The editors of HAR would like to draw your attention to the following upcoming event: a free online discussion of Erving Goffman’s 1953 dissertation, “Communication Conduct in an Island Community”—newly published as an open access book. The event will take place on Friday, May 5, 2023 at 15:00 UTC (11am EDT/4pm BST/ 5pm CET). It will run 45 minutes.

Details:

Discussants:

  • Yves Winkin, University of Liège
  • Wendy Leeds-Hurwitz, University of Wisconsin-Parkside
  • Peter Lunt, University of Leicester
  • Greg Smith, University of Salford
  • Filipa Subtil, Instituto Politécnico de Lisboa

Join Yves Winkin, Wendy Leeds-Hurwitz, Peter Lunt, Greg Smith, and Filipa Subtil for a discussion of Erving Goffman’s 1953 dissertation, “Communication Conduct in an Island Community”, recently published as an open access book with a new introduction by Winkin. This free Zoom session, sponsored by mediastudies.press, marks the dissertation’s publication with a discussion of the work’s significance by Winkin and other leading Goffman scholars.

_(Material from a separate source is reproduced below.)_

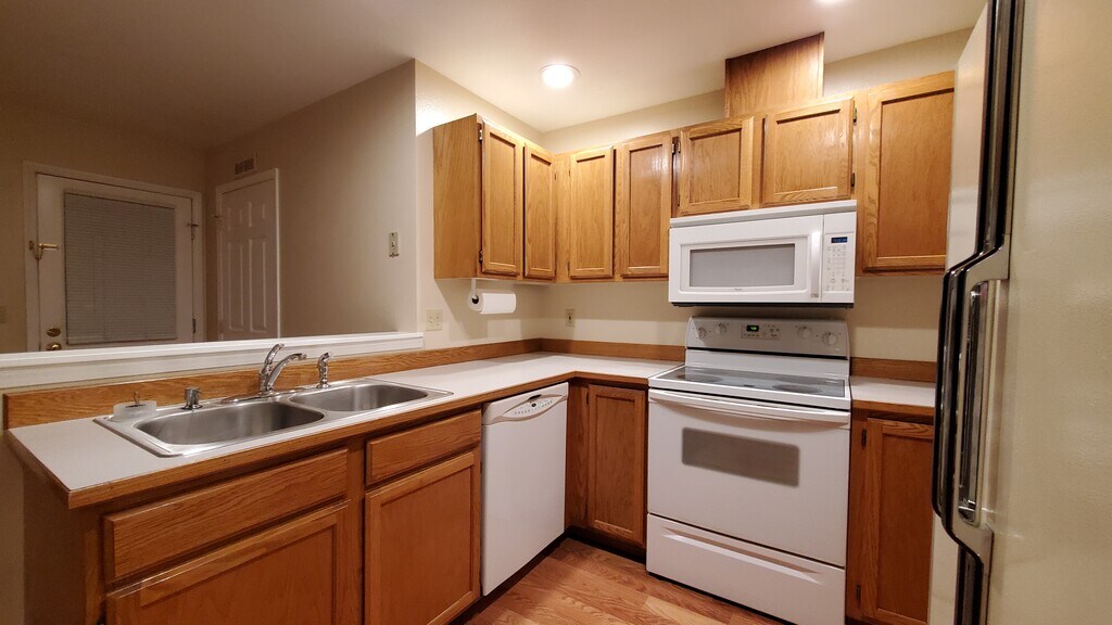 NOTA: Esta es una ocupación máxima de 1-2. No se permite fumar. No se permiten mascotas de ningún tipo. Nos reunimos con nuestros nuevos inquilinos en persona para revisar y firmar el contrato de arrendamiento, emitir llaves, completar un recorrido y repasar cualquier pregunta relacionada con la propiedad. DESCRIPCIÓN: Amplio condominio de dos niveles recientemente remodelado de 1040SF ubicado en el tranquilo y bien mantenido complejo de condominios University Place. Dos dormitorios, baño principal y baño auxiliar, armarios de almacenaje en el primer y segundo piso, lavadora/secadora, cocina con cubierta de vidrio, horno de microondas empotrado con ventilador de campana, horno de microondas para encimera, refrigerador, lavaplatos y triturador de basura. Patio trasero, un garaje para coche con almacenamiento y un segundo aparcamiento reservado en el hotel. Todos los pisos nuevos en toda la unidad. La exposición de las ventanas este/oeste ofrece una excelente iluminación y los revestimientos de pared neutros y claros se adaptan prácticamente a cualquier gusto de mobiliario. Diseño de cocina/comedor con fácil acceso al patio trasero para aprovechar las comidas al aire libre en el clima soleado y soleado de Ellensburg. La sala de estar, el almacenamiento y los armarios utilitarios, así como un baño auxiliar, la cocina y el comedor, completan el primer piso. Un gran maestro con vestidor iluminado y entrada privada al baño completo, y un amplio segundo dormitorio u oficina con un armario de buen tamaño y ventanas del oeste para ver los a menudo espectaculares atardeceres del este de Washington conforman el segundo piso. En habitaciones separadas junto al pasillo se encuentra la sala de servicios públicos con lavadora/secadora y estantes de almacenamiento. Al otro lado del vestíbulo hay un armario con mucho espacio para guardar sábanas, mantas, toallas, etc. Justo al lado de la puerta principal hay un pequeño jardín ideal para aquellos a los que les encanta cultivar sus propias flores o verduras. Todos los terrenos están regados por rociadores automáticos, incluido el espacio del jardín y vallados en el patio trasero, así que todo lo que tienes que hacer es plantar y disfrutar. Junto al jardín hay un garaje de un automóvil con abrepuertas automático, luces, electricidad, mucho almacenamiento y la mayoría de las herramientas que necesitaría para trabajar en su jardín y una escalera. El centro de buzón de correo, el contenedor de basura y el lugar de estacionamiento reservado para el segundo automóvil se encuentran a corta distancia de su puerta principal. En general, este complejo es muy tranquilo con gente amigable y se encuentra a una cuadra del campus de CWU, o a corta distancia a pie o en automóvil del centro de Ellensburg.
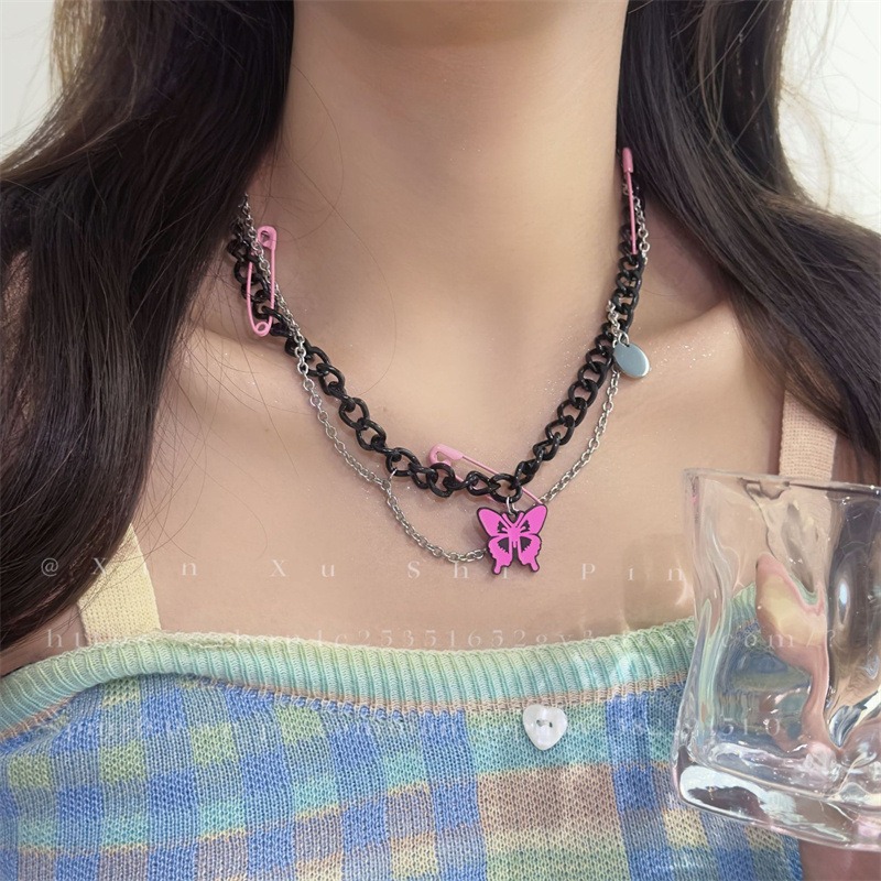 黑色别针蝴蝶吊坠项链女甜酷辣妹风y2k双层叠戴小众高级感锁骨链

Canadian-born Erving Goffman (1922–1982) was the twentieth century’s most important sociologist writing in English. Goffman’s 1953 dissertation, based on fieldwork on a remote Scottish island, presents in embryonic form the full spread of his thought. Framed as a “report on a study of conversational interaction,” the dissertation lingers on the modest talk of island “crofters.” It is trademark Goffman: ambitious, unconventional in form, and brimmed with big-picture insight. The thesis is that social order is made and re-made in communication—the “interaction order” he re-visited in a famous and final talk before his death in 1982. The dissertation is, as Winkin writes in the new introduction, the “Rosetta stone for his entire work.” It was here, in 360 dense pages, that Goffman revealed, quietly, his peerless sensitivity to the invisible wireframes of everyday life.

mediastudies.press is a scholar-led, nonprofit, no-fee open access publisher in the media, film, and communication studies fields.